A 20kg block moves with a constant speed of $10m{{s}^{-1}}$ on a smooth horizontal surface. What is the work done on the box?
a) 196J
b) 1960J
c) 980J
d) zero

Answer 1

Hint: It is given in the question that the block moves on a frictionless surface with constant speed. The work done on an object can basically be defined as the increase in its kinetic energy or the action of the force results in the displacement of the body. Hence we will first verify whether the above mentioned conditions are satisfied and accordingly draw the conclusion and select the correct alternatives provided.

Formula used:
$K.E=\dfrac{1}{2}m{{v}^{2}}\text{Joule}$
\[Work\text{ }done=F.d\text{ Joule}\]

Complete step-by-step answer:
Let us say that the mass of the block m=20kg and the speed of be $v=10m{{s}^{-1}}$. Therefore the kinetic energy of the block is given by,
$\begin{align}
  & K.E=\dfrac{1}{2}m{{v}^{2}}\text{J} \\
 & \Rightarrow K.E=\dfrac{1}{2}\times 20\times {{(10)}^{2}} \\
 & \Rightarrow K.E=\dfrac{1}{2}\times 20\times {{(10)}^{2}}=1000J \\
\end{align}$
It is further given to us the block is moving on a frictionless surface with constant velocity. Since the velocity ‘v’ is constant we can conclude that the change in kinetic energy is zero. Since change in kinetic energy is equal to work done on the box, we can imply that the work done on the box is zero
Hence the correct answer of the above question is option d.

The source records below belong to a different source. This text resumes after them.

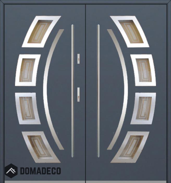 Die Türen bestehen aus Edelstahl. Im Inneren ist es mit PUR-Polyurethanschaum und Holz gefüllt. Die Türblattdicke beträgt 54 mm. Doppeldichtungssystem - Eine Dichtung befindet sich am unteren Rand des Rahmens und die andere im Lagerteil des Türblatts. Sie reduzieren Vibrationen und schützen Ihr Zuhause vor Wärmeverlust. Sie ändern ihre Lautstärke nicht unter dem Einfluss von Wetterbedingungen. Der Türrahmen hat einbruchhemmende Verstärkungen in den Scharnierteilen und Verriegelungspunkten.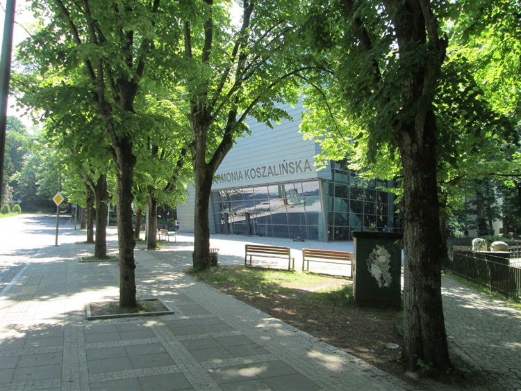 Budowa Filharmonii Koszalińskiej im. Stanisława Moniuszki rozpoczęła się w lipcu 2010 roku i trwała 38 miesięcy. Jest to trzypiętrowy budynek z salą koncertową mogącą pomieścić 520 widzów. Posiada estradę na 70-osobową orkiestrę oraz 40-osobowy chór.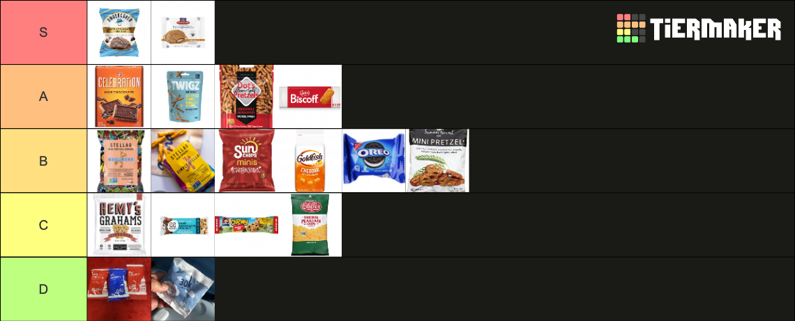 A-tier includes Dot’s Pretzels, Twix, and the...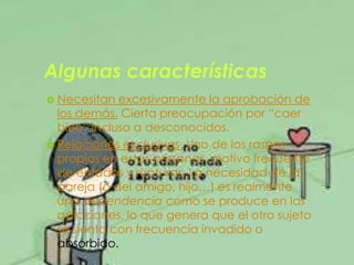 La dependencia emocional se refiere a una fuerte necesidad afectiva que una persona siente hacia otra, frecuentemente en parejas, amistades o familiares. Las personas con dependencia emocional necesitan excesivamente la aprobación de los demás, tienden a relaciones exclusivas, y generalmente adoptan una posición subordinada en las relaciones para mantener la conexión con la otra persona. El apego ansioso comparte similitudes con la dependencia emocional como el temor a la pérdida y la búsqueda de proximidad, pero se difer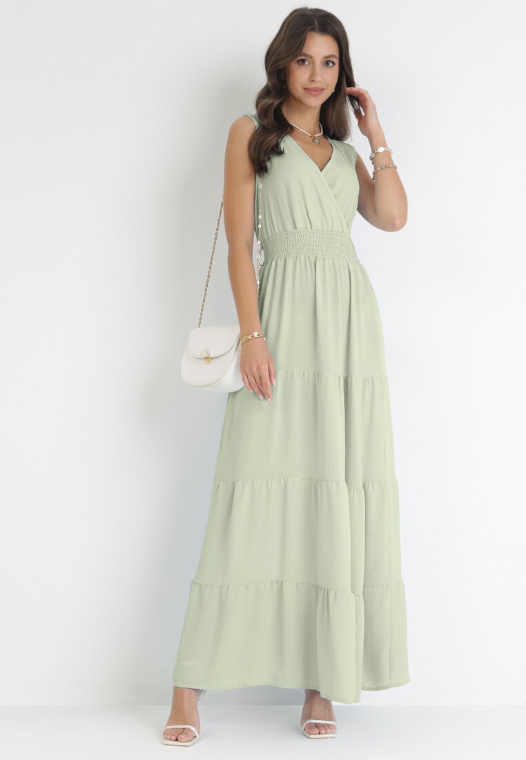 Jasnozielona Sukienka Maxi z Kopertowym Dekoltem i Gumką w Pasie Eiliana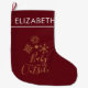 A festive Christmas stocking with an illustration of fancy golden snowflakes with elegant crystalline shapes. Trendy typography says: Baby it's cold Outside. Personalise with a name. Dark red background.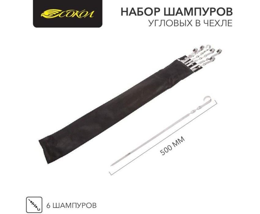 СОКОЛ Набор шампуров угловых 6х500мм, в чехле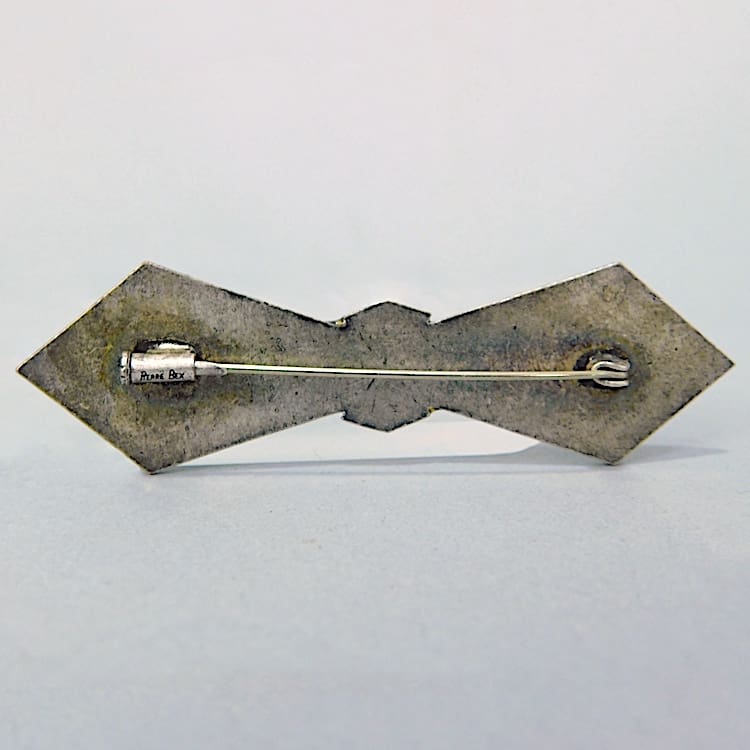 Large blue and yellow enamel bow brooch. It is fitted with a safety clasp.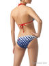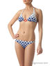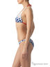 Стильный раздельный купальник из двух предметов. Бюст – мягкие подвижные треугольники со съёмными корректорами внутри, соединяются красным пластиковым кольцом по центру. Бюст фиксируется элегантными галстучными завязками на шее и плоскими, контрастного цвета завязками на спине. Плавки комфортной посадки с ультраузким бочком. Модель выполнена в уникальном принте 'Миллион мотыльков' в классическом сочетании триколора.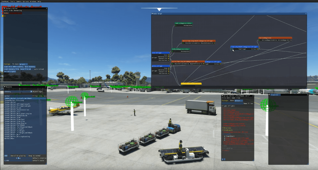 These are generated and interactive and so too are the parked aircraft which are actually just aircraft that can arrive, park, depart, and otherwise interact with the ATC and the rest of the world. That also helps make the airports feel alive.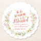 personligen papper underlägg av för vinterkrans i bröllop. Ett underbart personligt tillägg till din jul- eller vinterbröllopsdag bord eller efter bröllop eller bröllop efter party. Anpassa med din brud och triummer namn och bröllop. Perfekt för en naturlig växt- eller vintergrej, bär eller gräs-kon som temat bröllop. Utandningsfärger för vattenfärger har gräs, bär, holly, mistletoe, grevillea och guldfärgade gulter stjärnor, originalkonst och design av Sarah Trett. www.sarahtrett.com för www.mylittleeden.com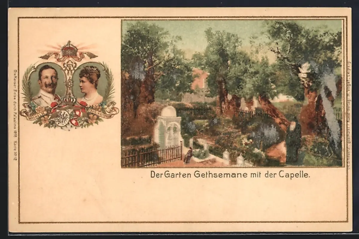Lithographie Jerusalem, der Garten Gethsemane mit der Kapelle, Portraits des Kaiserpaares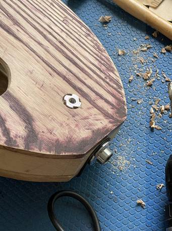 裏板にエンドピン固定用のナットを埋め込み。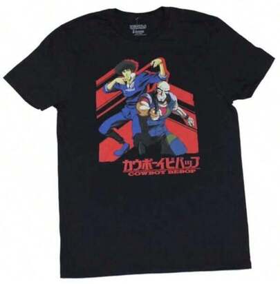 Graphic T Shirts Funny T Shirt Cowboy Bebop Adult New T-Shirt - Spike & Jet In Red Outline,Machine Washable Comfortable Outdoor Casual Wear,Round Neck Short Sleeve T-Shirt Fashion Graphic Tees,Fashion Print Casual T-Shirt,Made Of Pure Cotton, Easy To Match, Showcases Your Style Effortless Styling, Showcase Your Unique Style - Black - View 1

So, the correct answer is “Option d”.

Note: Work done on a body is also defined as the product of the action of force(F) on the body with the displacement of the body (d) along the direction of the force. Mathematically this can be represented as \[Work\text{ }done=F.d\text{ J}\] . Force on the body is defined as the product of mass times the acceleration. Acceleration is nothing but the rate of change of velocity with time. Since the velocity of the box is constant i.e. it does not change with time we can conclude that force on the body is zero. And therefore from the above expression of work done we can conclude that the work done on the box is zero.